◆ **Your assignment**
Whenever a line contains the string "that", copy it out of the entries.

◆ **Available data**

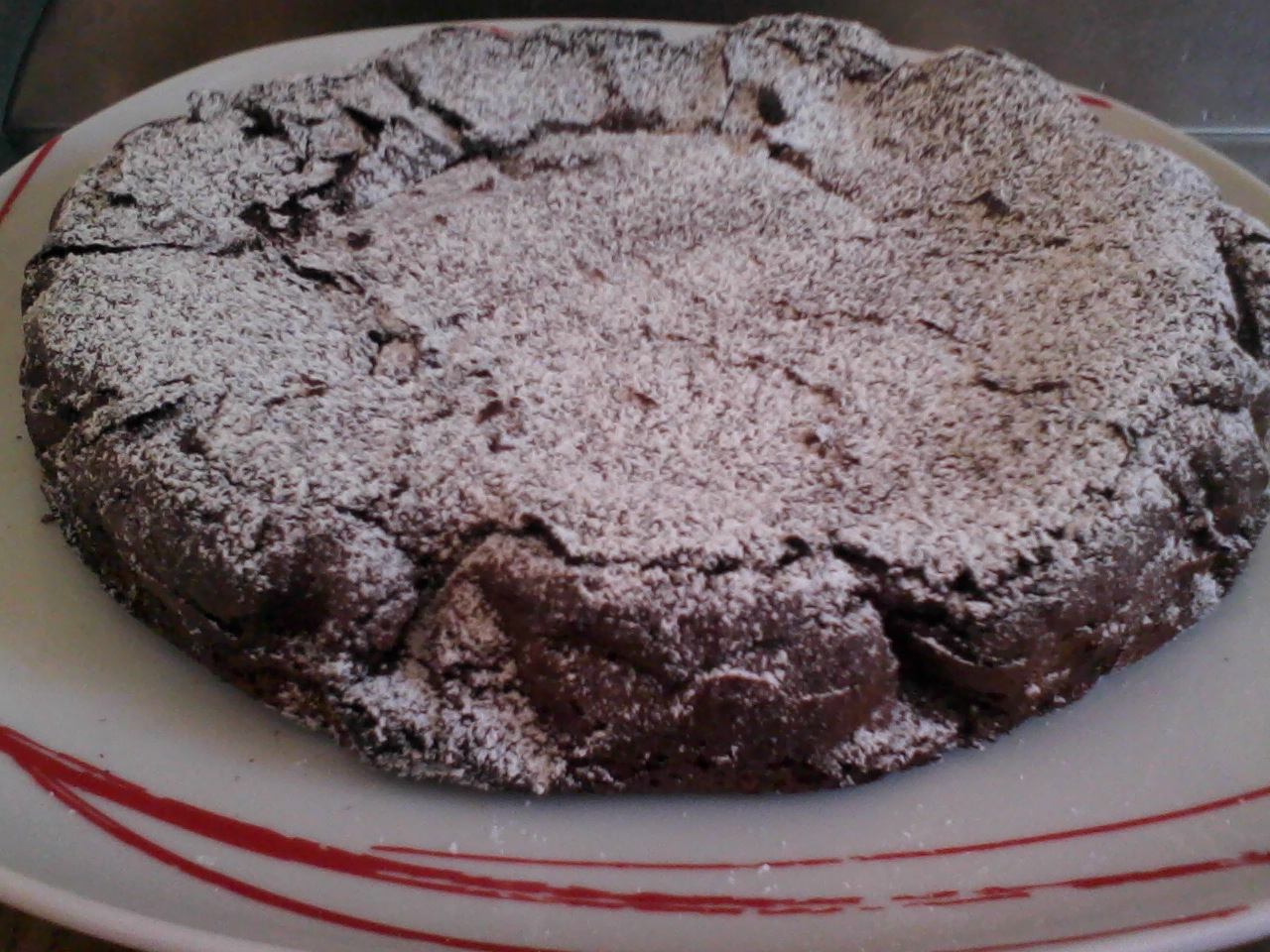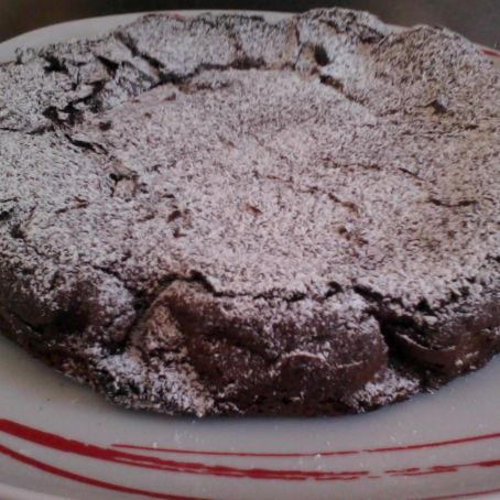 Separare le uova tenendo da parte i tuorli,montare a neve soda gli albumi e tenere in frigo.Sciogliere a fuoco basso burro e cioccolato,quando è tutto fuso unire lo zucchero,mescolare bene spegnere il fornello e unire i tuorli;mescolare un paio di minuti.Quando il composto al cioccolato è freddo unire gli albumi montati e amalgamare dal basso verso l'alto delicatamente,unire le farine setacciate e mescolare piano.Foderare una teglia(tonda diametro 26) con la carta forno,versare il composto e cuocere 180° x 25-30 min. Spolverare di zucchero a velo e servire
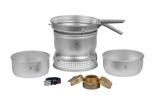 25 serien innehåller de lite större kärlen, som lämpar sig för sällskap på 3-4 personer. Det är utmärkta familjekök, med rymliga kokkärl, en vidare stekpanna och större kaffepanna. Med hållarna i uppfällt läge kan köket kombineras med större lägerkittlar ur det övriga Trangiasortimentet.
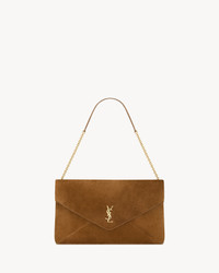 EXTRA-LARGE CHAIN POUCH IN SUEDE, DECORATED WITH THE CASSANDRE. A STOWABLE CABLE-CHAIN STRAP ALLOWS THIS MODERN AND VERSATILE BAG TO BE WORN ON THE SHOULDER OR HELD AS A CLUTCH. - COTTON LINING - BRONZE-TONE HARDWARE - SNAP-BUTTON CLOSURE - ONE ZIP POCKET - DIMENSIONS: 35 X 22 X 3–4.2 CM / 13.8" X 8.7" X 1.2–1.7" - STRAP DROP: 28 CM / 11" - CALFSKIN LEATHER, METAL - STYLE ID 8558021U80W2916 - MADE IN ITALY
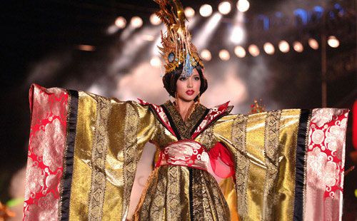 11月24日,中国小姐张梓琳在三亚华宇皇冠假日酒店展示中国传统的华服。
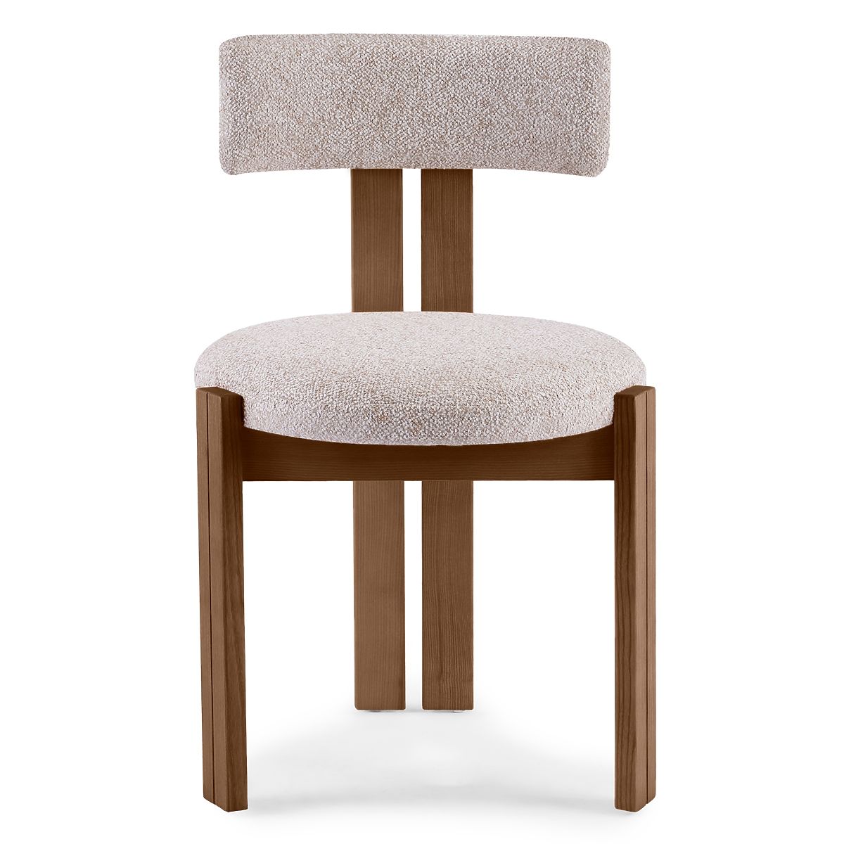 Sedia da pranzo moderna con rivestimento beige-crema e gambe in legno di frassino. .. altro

* * *

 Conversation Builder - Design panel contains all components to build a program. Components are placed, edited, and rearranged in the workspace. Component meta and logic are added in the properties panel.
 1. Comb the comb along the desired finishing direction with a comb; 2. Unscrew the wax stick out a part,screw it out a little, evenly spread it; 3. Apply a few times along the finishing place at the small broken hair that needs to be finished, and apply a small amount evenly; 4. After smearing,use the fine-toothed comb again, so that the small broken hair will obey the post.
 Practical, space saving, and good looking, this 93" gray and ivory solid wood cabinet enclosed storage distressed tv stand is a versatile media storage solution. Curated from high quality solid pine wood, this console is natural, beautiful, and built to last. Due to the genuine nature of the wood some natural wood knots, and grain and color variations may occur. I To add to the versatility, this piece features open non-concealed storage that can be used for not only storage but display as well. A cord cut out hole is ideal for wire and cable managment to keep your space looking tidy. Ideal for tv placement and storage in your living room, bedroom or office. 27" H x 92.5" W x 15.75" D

◆ **Problem solution**
 1. Comb the comb along the desired finishing direction with a comb; 2. Unscrew the wax stick out a part,screw it out a little, evenly spread it; 3. Apply a few times along the finishing place at the small broken hair that needs to be finished, and apply a small amount evenly; 4. After smearing,use the fine-toothed comb again, so that the small broken hair will obey the post.
 Practical, space saving, and good looking, this 93" gray and ivory solid wood cabinet enclosed storage distressed tv stand is a versatile media storage solution. Curated from high quality solid pine wood, this console is natural, beautiful, and built to last. Due to the genuine nature of the wood some natural wood knots, and grain and color variations may occur. I To add to the versatility, this piece features open non-concealed storage that can be used for not only storage but display as well. A cord cut out hole is ideal for wire and cable managment to keep your space looking tidy. Ideal for tv placement and storage in your living room, bedroom or office. 27" H x 92.5" W x 15.75" D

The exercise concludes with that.